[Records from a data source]
^^^^^^^^

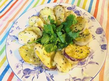 3品目は塩レモンを衣に使って揚げたユニークな野菜レシピ揚げさつま芋のかりかり衣塩レモンです。天ぷら感覚でも洋風の野菜料理としても楽しんでいただければと思っています。
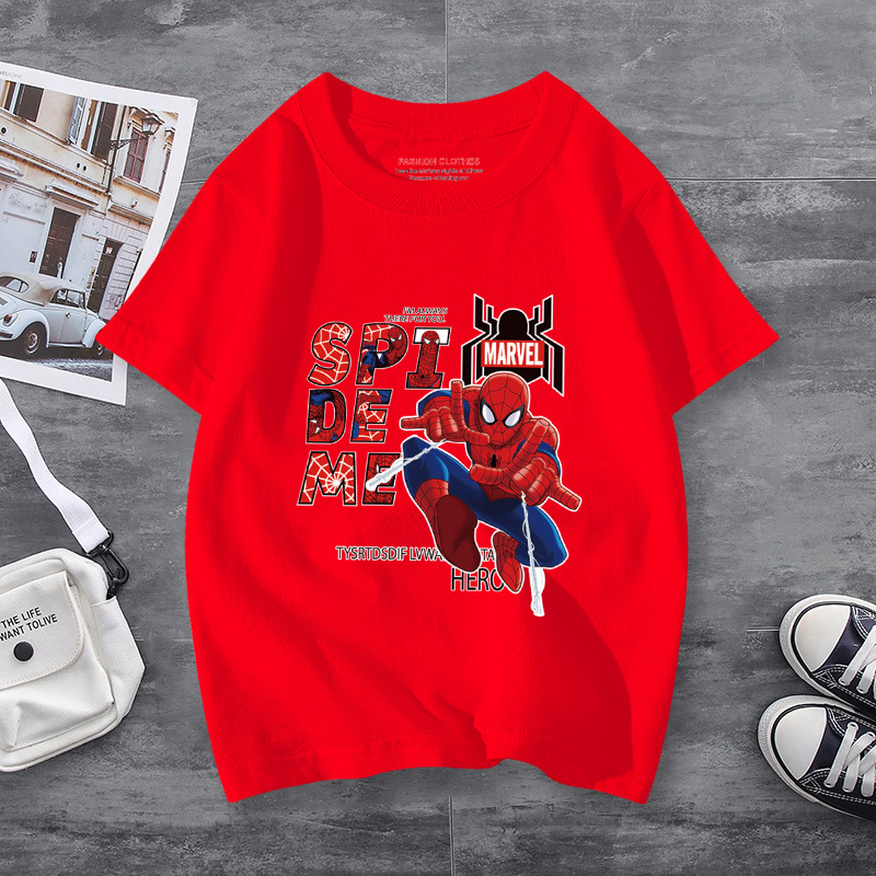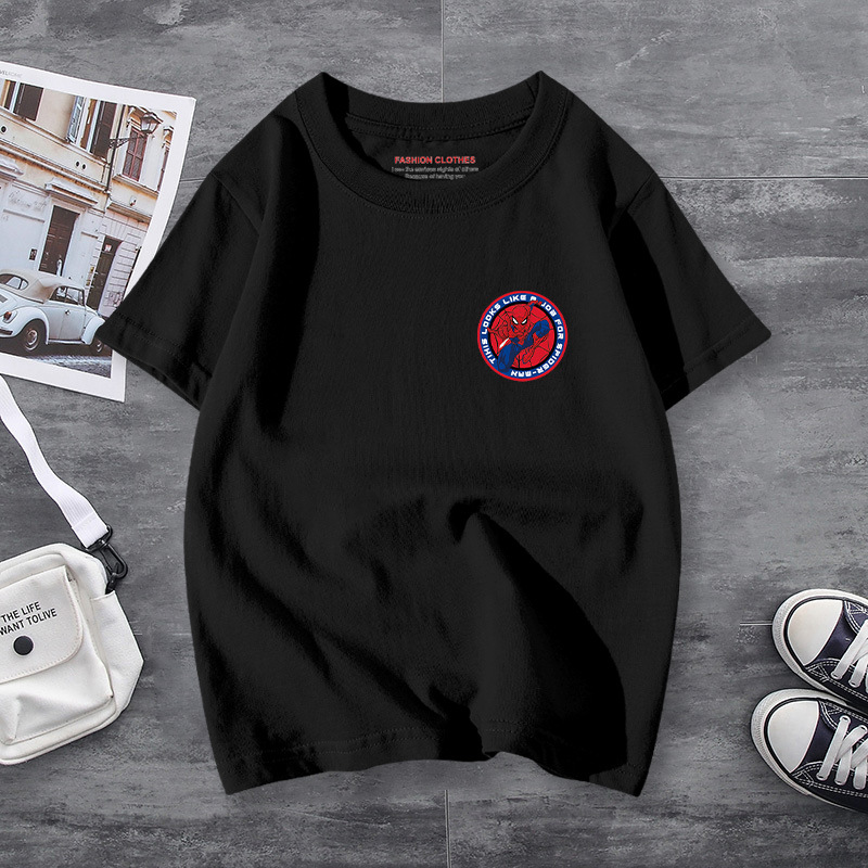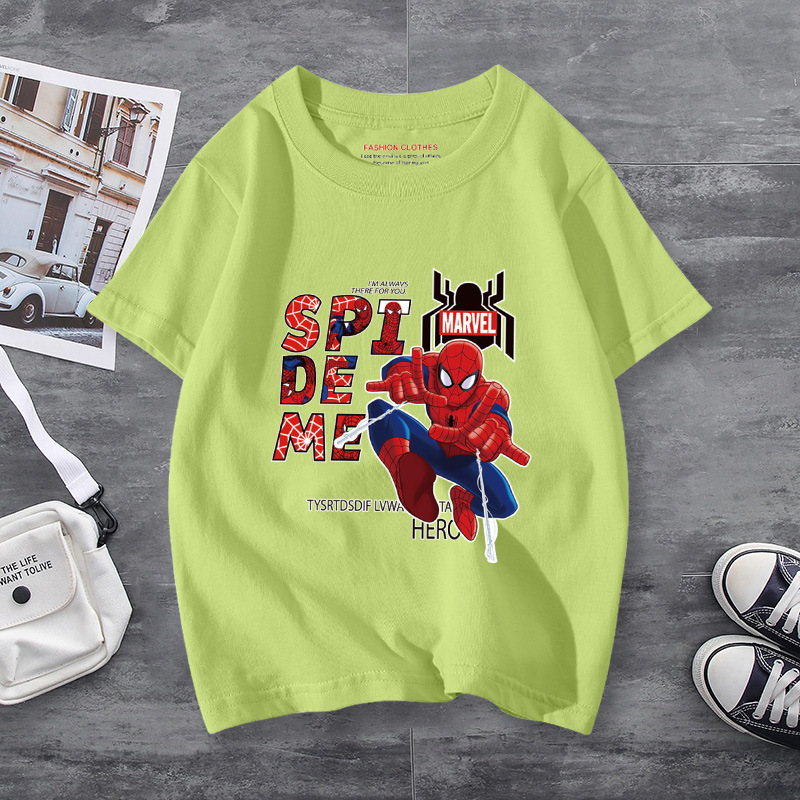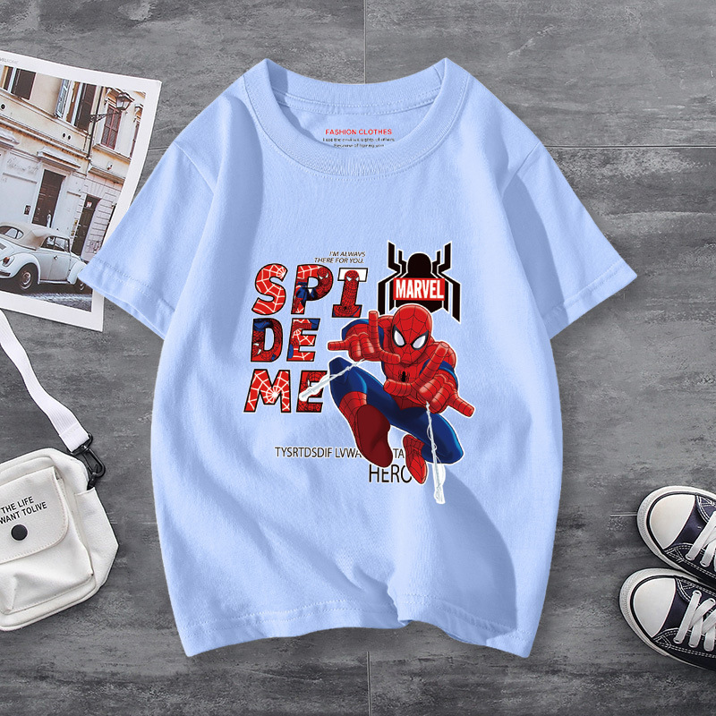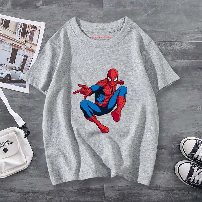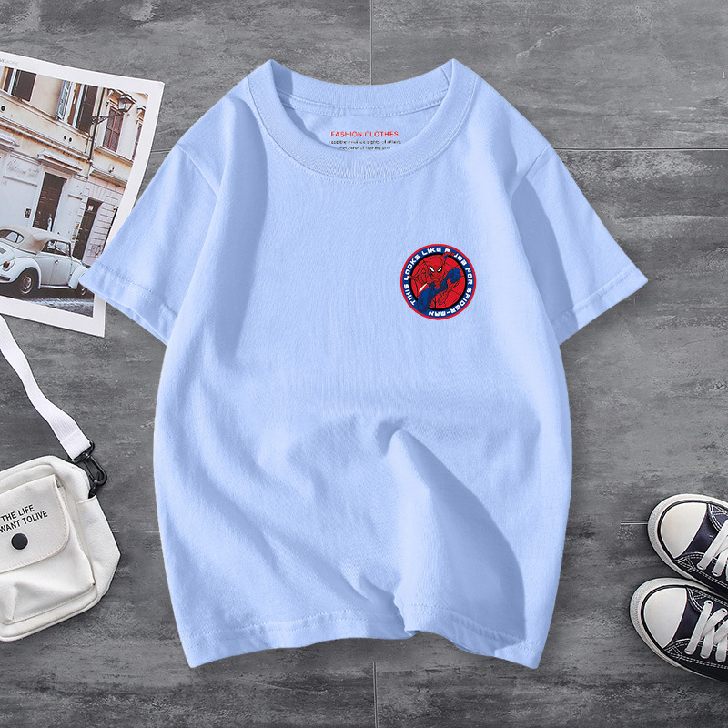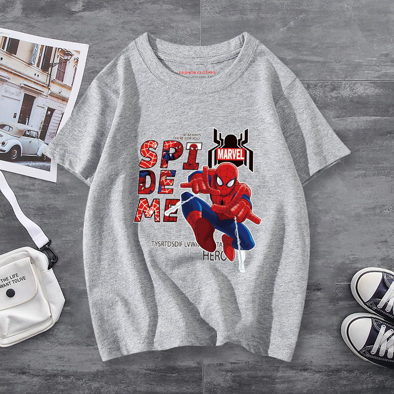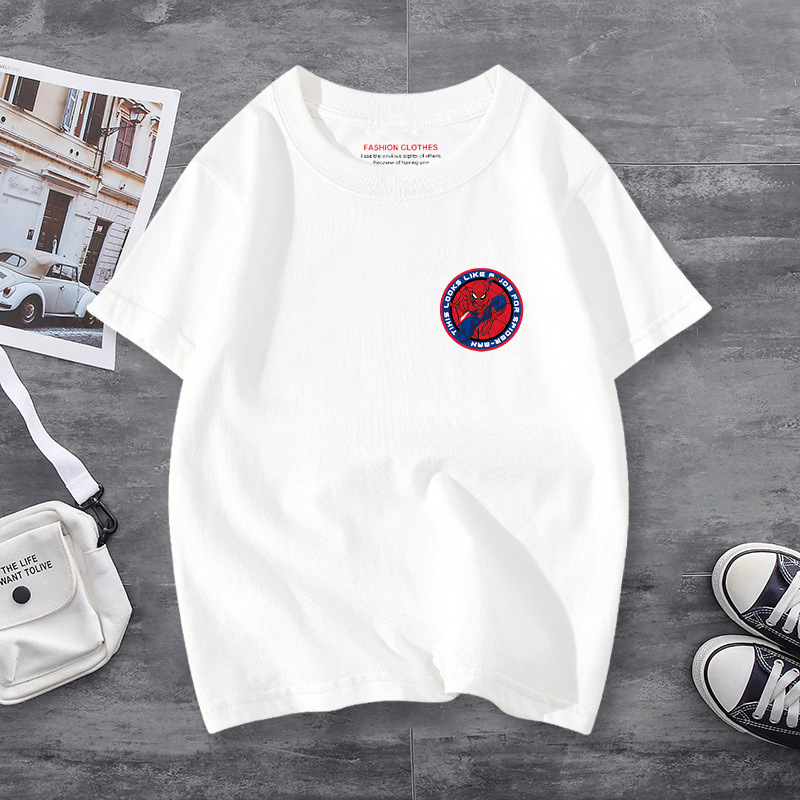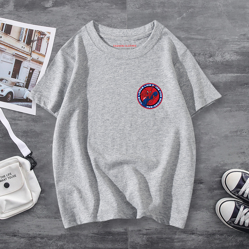 남학생 반소매 티셔츠 얇은 탑 스파이더 맨 반소매 여름 어린이 티셔츠 남자 여름 아기 중 큰 어린이 패션
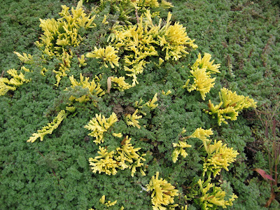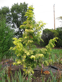 earing another area. These young adults (and their instructor, Leslie) were very helpful and had a good day at the gardens accomplishing various tasks such as plant removal, planting, bulb sorting and clean-up. Marv, Terry and Bill worked on composting the new shoreline border in the wishing well garden and all three moved on to other tasks around the gardens. Marianne tidied up the entrance garden, ornamental edible wall, watered, etc while Little Jerry worked on various pruning projects. Larry worked on water features, cutting bricks and helping out as needed. It was Dr. Gredler's 85th birthday today so we celebrated by making him take us all out to lunch. I love the golden black locust (Robinia pseudoacacia 'Frisia') to the right. It offers some tangible "brightness" in the fern and moss garden and really catches the eye in a garden that is primarily green. Lots coming up including Shelley Ryan from The Wisconsin Gardener (WPT) show here tomorrow to film some segments. Looming weather looks damp so we'll see what we can accomplish! "Death Row" below with elephant ears (Colocasia esculenta) and begonias enjoying their last days before frost (although we do save the elephant ear bulbs over winter).
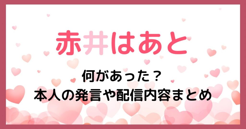 2025年10月29日0時にに、大手VTuberグループの「ホロライブ」に所属する赤井はあとさんが、突然約7時間にわたる配信を行いました。 赤井はあとさんが配信中に号泣する場面があり、「暴露配信」「限界配信」と呼ばれ、アーカイブはすぐに非公開となっていま... -
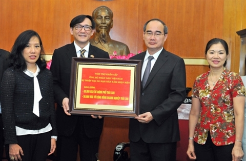 | L’ambassadeur de Thaïlande au Vietnam, Manopchai Vongphakdi (gauche), a remis le 14 juin, à Hanoi, une somme de 100.000 dollars. |

^^^^^^^^

● What is being asked
Please take the lines from the beginning of the data above through the line holding "남학생 반소매 티셔츠" and transcribe them exactly, without any pictures.

● Task solution
 3品目は塩レモンを衣に使って揚げたユニークな野菜レシピ揚げさつま芋のかりかり衣塩レモンです。天ぷら感覚でも洋風の野菜料理としても楽しんでいただければと思っています。
 남학생 반소매 티셔츠 얇은 탑 스파이더 맨 반소매 여름 어린이 티셔츠 남자 여름 아기 중 큰 어린이 패션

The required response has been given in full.